2.3. Visualizing the orthologs on an Oxford grid
The Oxford grid is drawn using the function ‘plot_oxford_grid()’. Each dot corresponds to an orthologous pair (from the function ‘load_orthologs()’) with x and y coordinates being the relative order index on the chromosomes taken from the BED files. The dots are organized in squared facets, corresponding to the chromosomes (entry Chrom from the BED files). The limits of these squares are proportional to the total amount of genes on each scale. Many features are customizable, such as the labels, the color, size and transparency of the dots.
2.4. Clustering the conserved macrosynteny blocks
It is helpful to reorder the facets to interpret the results especially when analyzing fragmented genomes. Network-based methods such as hierarchical clustering have been proposed in previous studies (Putnam et al., 2007; Martín-Durán et al., 2020).
We implemented a clustering algorithm that allows for a good interpretability of the results in a limited amount of computational time (Figure 1B). Data are modeled in a network where every chromosome from the two species is modeled as a node, and weighted edges are created between every pair of nodes.

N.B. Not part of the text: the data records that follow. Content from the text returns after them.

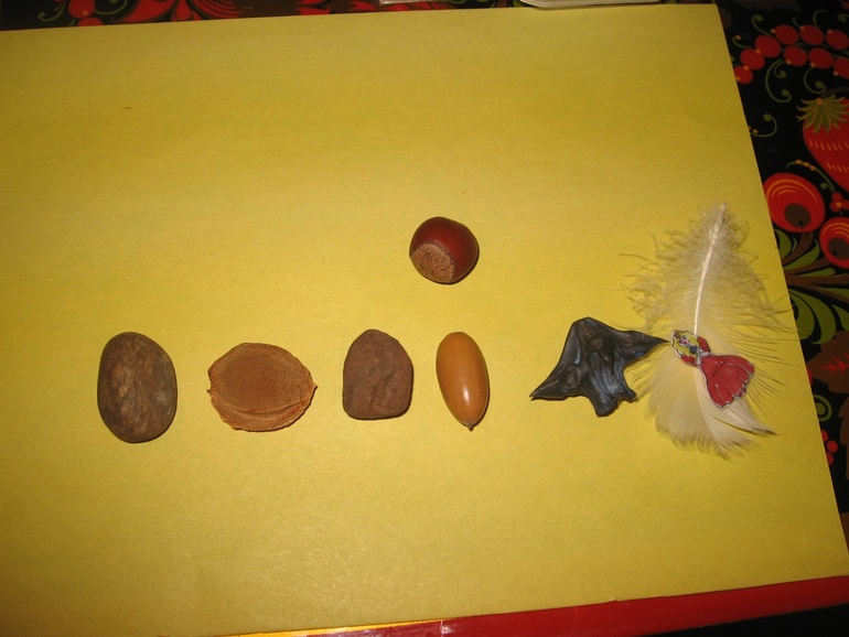 Потом я напомнила, что Дюймовочка «легче перышка». И предложила поэкспериментировать. С помощью собственных ощущений и самодельных весов мы сравнивали предметы по тяжести: Дюймовочку, перышко, камешек, желудь.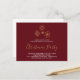 A Christmas party invitation postcard with an illustration of fancy golden snowflakes with elegant crystalline shapes. A dark red background.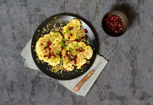 Den Blumenkohlsteaks aus dem Ofen nehmen und die Flocken, die Granatapfelkerne und die Petersilie darüber geben. Dazu passt ein leckerer Dip und Baguette oder Reis.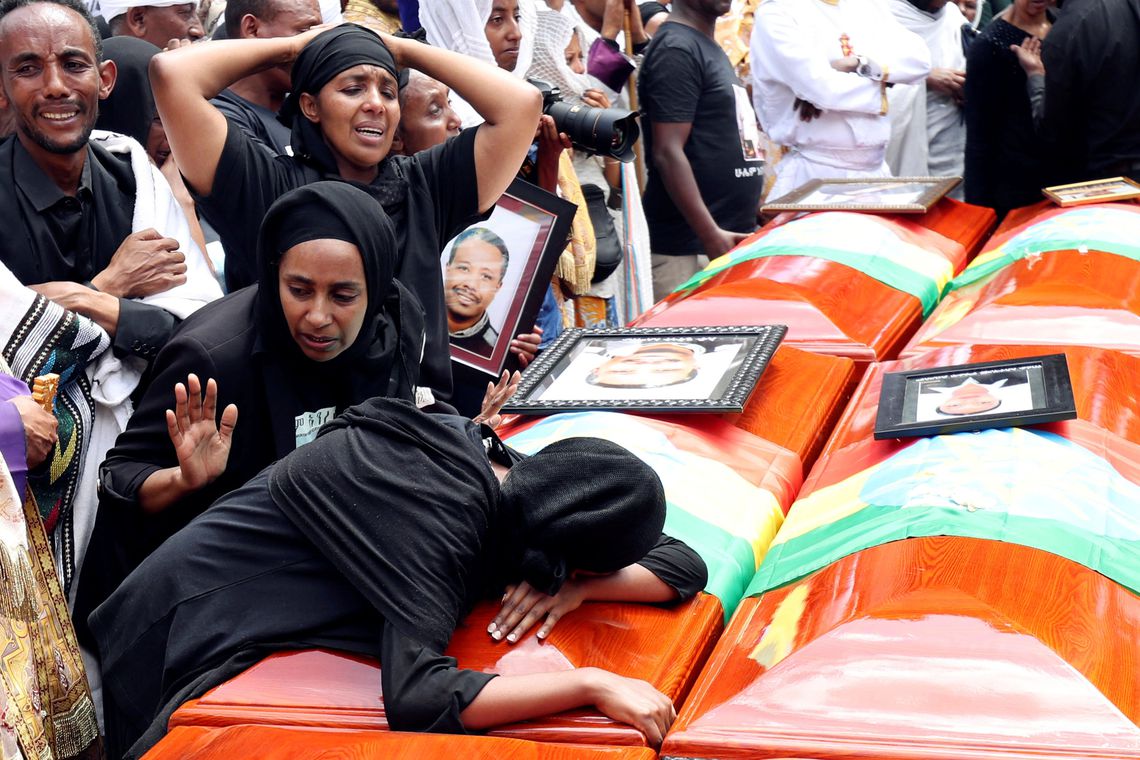 Women mourn next to coffins during the burial ceremony of the Ethiopian Airlines Flight ET 302 crash victims at the Holy Trinity Cathedral Orthodox church in Addis Ababa, Ethiopia, March 17, 2019. REUTERS/Tiksa Negeri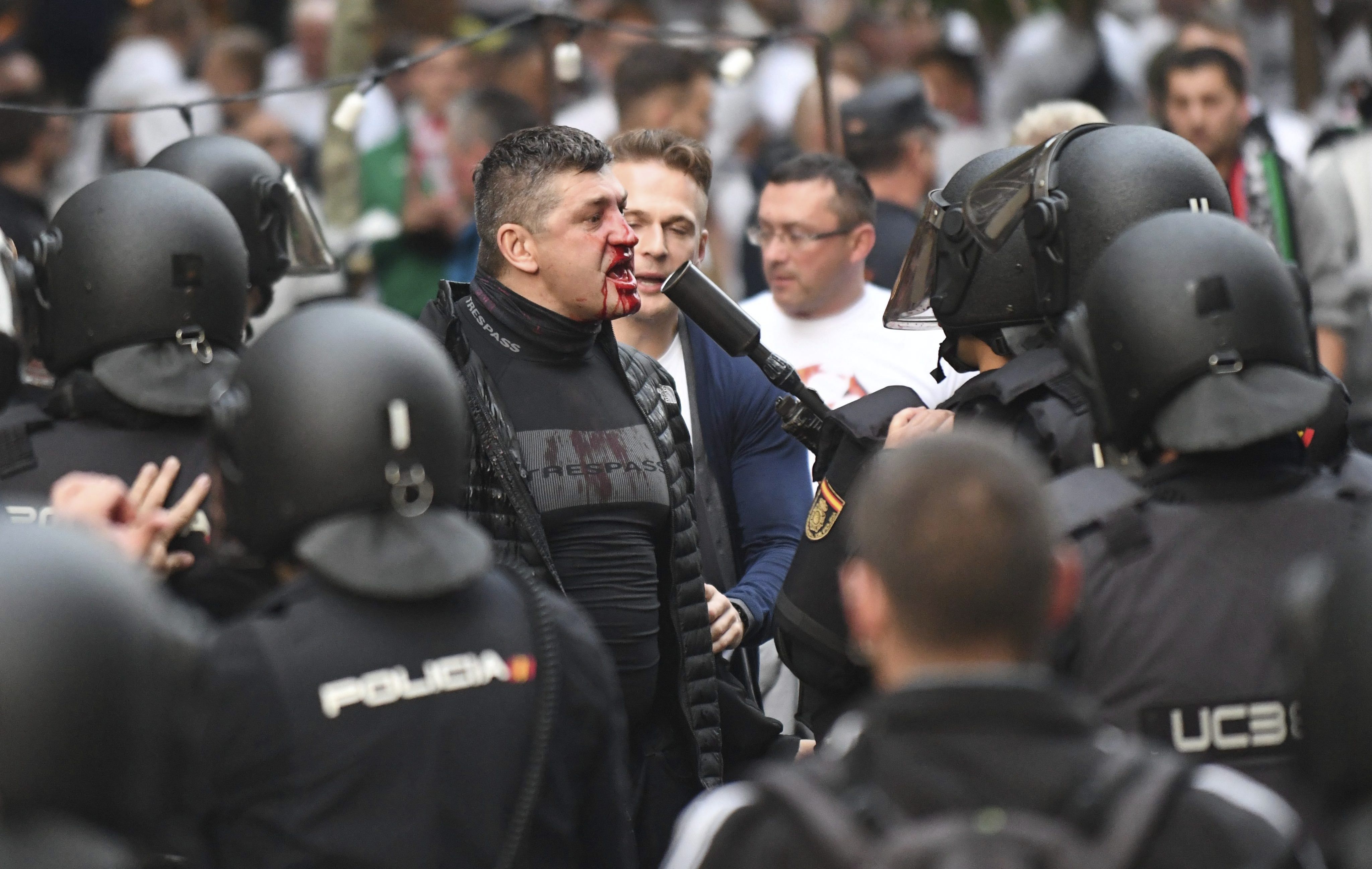 El hombre que aparece en la fotografía es uno de los doce aficionados polacos detenidos este martes. Ese hombre, con la cara ensangrentada, atacaría un par de segundos después a varios policías bien armados, protegidos y que le superaban claramente en número. Ese hombre, que parece no temer a nadie, es uno de los líderes de la grada del Legia de Varsovia y, sin que yo fuera consciente de su identidad y de su objetivo, iba a ser mi acompañante de viaje por las zonas más céntricas de Madrid. Incluso íbamos a compartir asientos en un vagón de metro en el que el único español, además de la policía, era el que escribe estas líneas.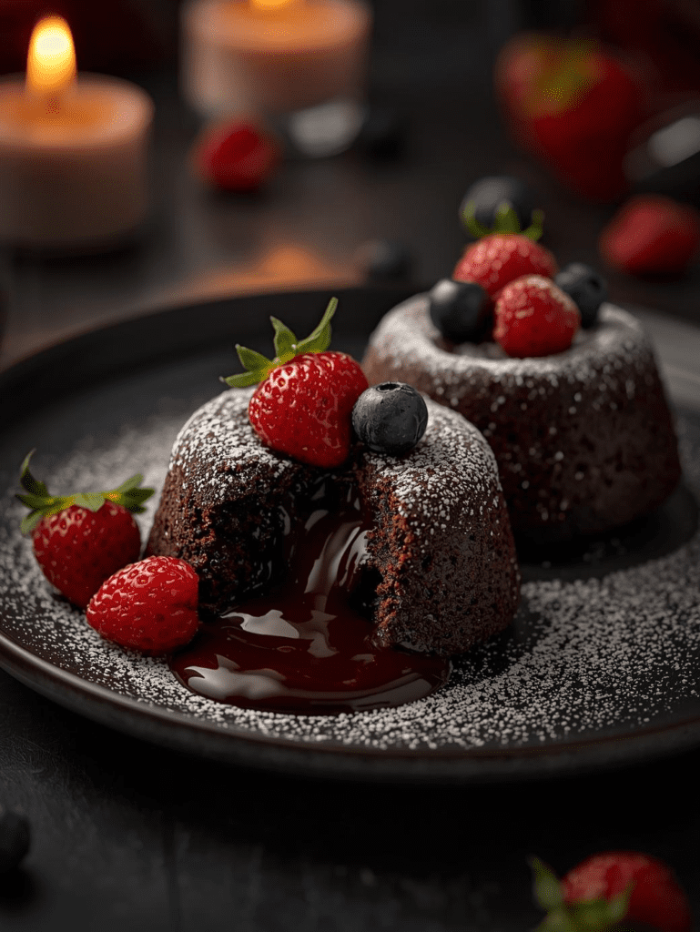 Finish off your evening on a sweet note with these chocolate lava cakes oozing with gooey goodness. They’re the ultimate Valentine’s dessert: decadent, rich, and so romantic.

The weights correspond to the number of shared orthologs between the two nodes that they connect. The linkage groups are retrieved by organizing the chromosomes into communities using the greedy algorithm implemented in the function ‘cluster_fast_greedy()’ from igraph v.1.3.0 (Csardi et al., 2006) It finds the local optimal communities at each step and is designed to handle large networks with an approximate linear complexity (Clauset et al., 2004).

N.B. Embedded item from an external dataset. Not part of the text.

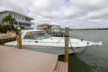 The 2000 Sea Ray 370 Express Cruiser has a wide-open dual-level cockpit design, raised bridgedeck, and wide 14-foot 2-inch beam to provide a dry and safe ride. The 370 Express Cruiser has an aggressive power plant - 350 horsepower twin Cats. Combined with a 350 gallon fuel capacity, that means it can go anywhere, and quickly. This is a great example of Sea Ray 370 Express that is in great running condition ! Call and schedule a showing today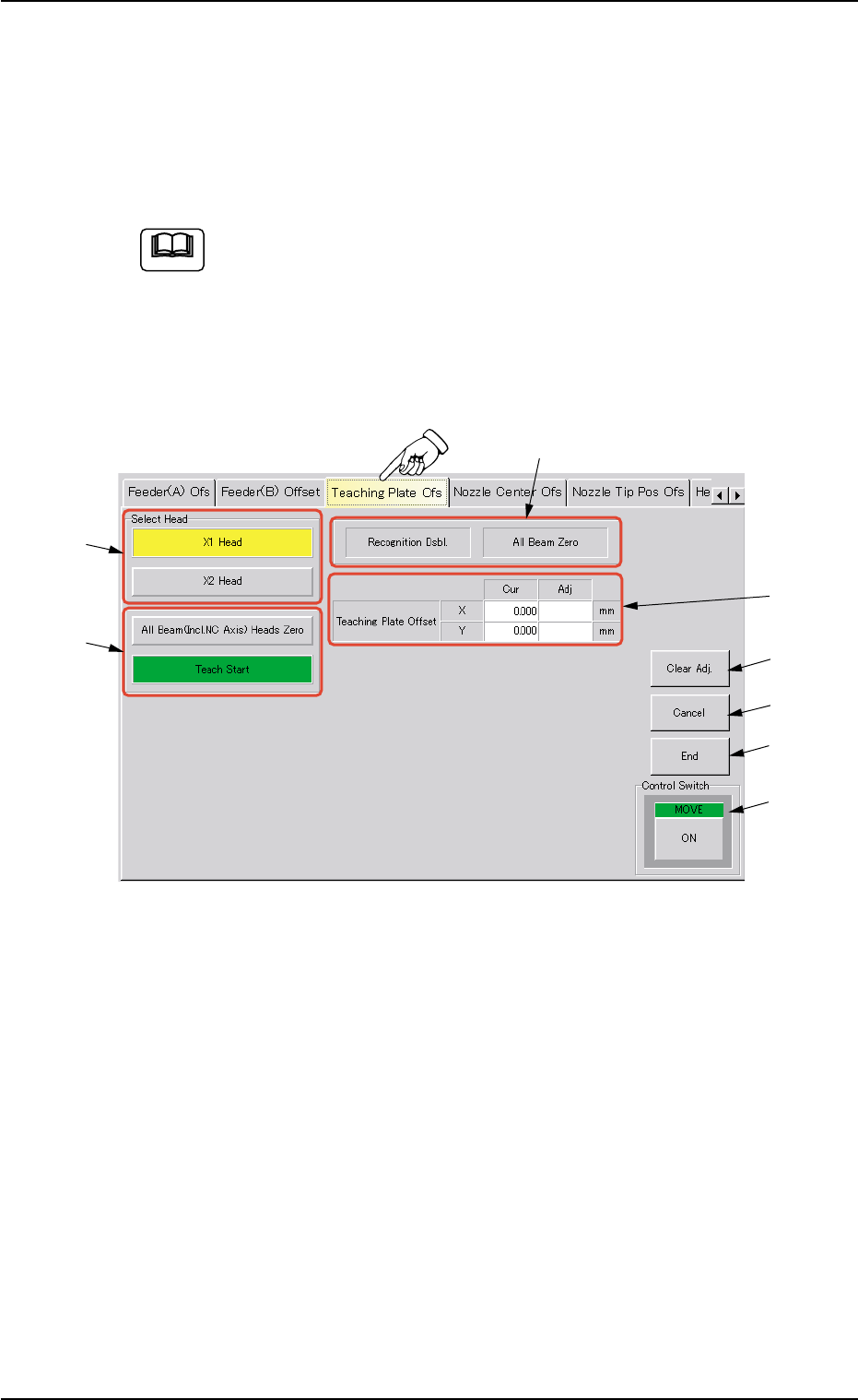 When the "Teaching Plate Ofs" tab is pressed in the "TEACHING" win-

The ordering is then performed by decreasing size of both the “communities”, and the chromosomes (in amount of orthologs) from left to right (species 1) and top to bottom (species 2).
This algorithm performs well even when comparing a chromosomal level genome assembly with a more fragmented one. Computation time can be reduced by using the argument ‘keep_only_significant’.

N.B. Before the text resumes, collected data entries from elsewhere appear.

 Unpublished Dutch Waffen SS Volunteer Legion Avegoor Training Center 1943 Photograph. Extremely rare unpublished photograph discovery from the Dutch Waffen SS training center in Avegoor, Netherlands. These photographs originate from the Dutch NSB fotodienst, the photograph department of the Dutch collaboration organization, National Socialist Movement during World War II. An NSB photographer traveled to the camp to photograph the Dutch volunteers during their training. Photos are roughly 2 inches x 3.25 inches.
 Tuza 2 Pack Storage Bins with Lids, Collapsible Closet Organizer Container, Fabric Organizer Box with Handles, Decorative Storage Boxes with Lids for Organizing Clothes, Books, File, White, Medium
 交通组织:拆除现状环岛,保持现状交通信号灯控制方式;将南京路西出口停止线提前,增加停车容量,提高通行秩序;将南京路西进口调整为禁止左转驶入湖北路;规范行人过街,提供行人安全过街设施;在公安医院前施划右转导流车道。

2.5. Example using public datasets
To demonstrate the use of the package, we compare two publicly available datasets. We selected the gene predictions of the lancelet Branchiostoma floridae (Simakov et al., 2020) and the deep-sea tubeworm Paraescarpia echinospica (Sun et al., 2021). Orthologs were calculated as reciprocal best hits using Diamond Blast (Buchfink et al., 2021) called through rbhXpress (El Hilali, 2022). Two R command lines are then enough to draw an Oxford Grid (Figure 1A). The default order is the chromosomal alphabetical order. We can improve the interpretability by using the clustering method (Figure 1B) and track the chromosomal fusions that have shaped the karyotypes of these species.
Availability
A stable version is available on CRAN (https://CRAN.R-project.org/package=macrosyntR) (“install.packages(‘macrosyntR’)”) and the developmental version is hosted on github at: https://github.com/SamiLhll/macrosyntR
Funding
This work was supported by the HFSP grant RGP0028/2018.
Acknowledgements
We thank Mohamed Khamla (LBDV) for drawing of the Hex Logo.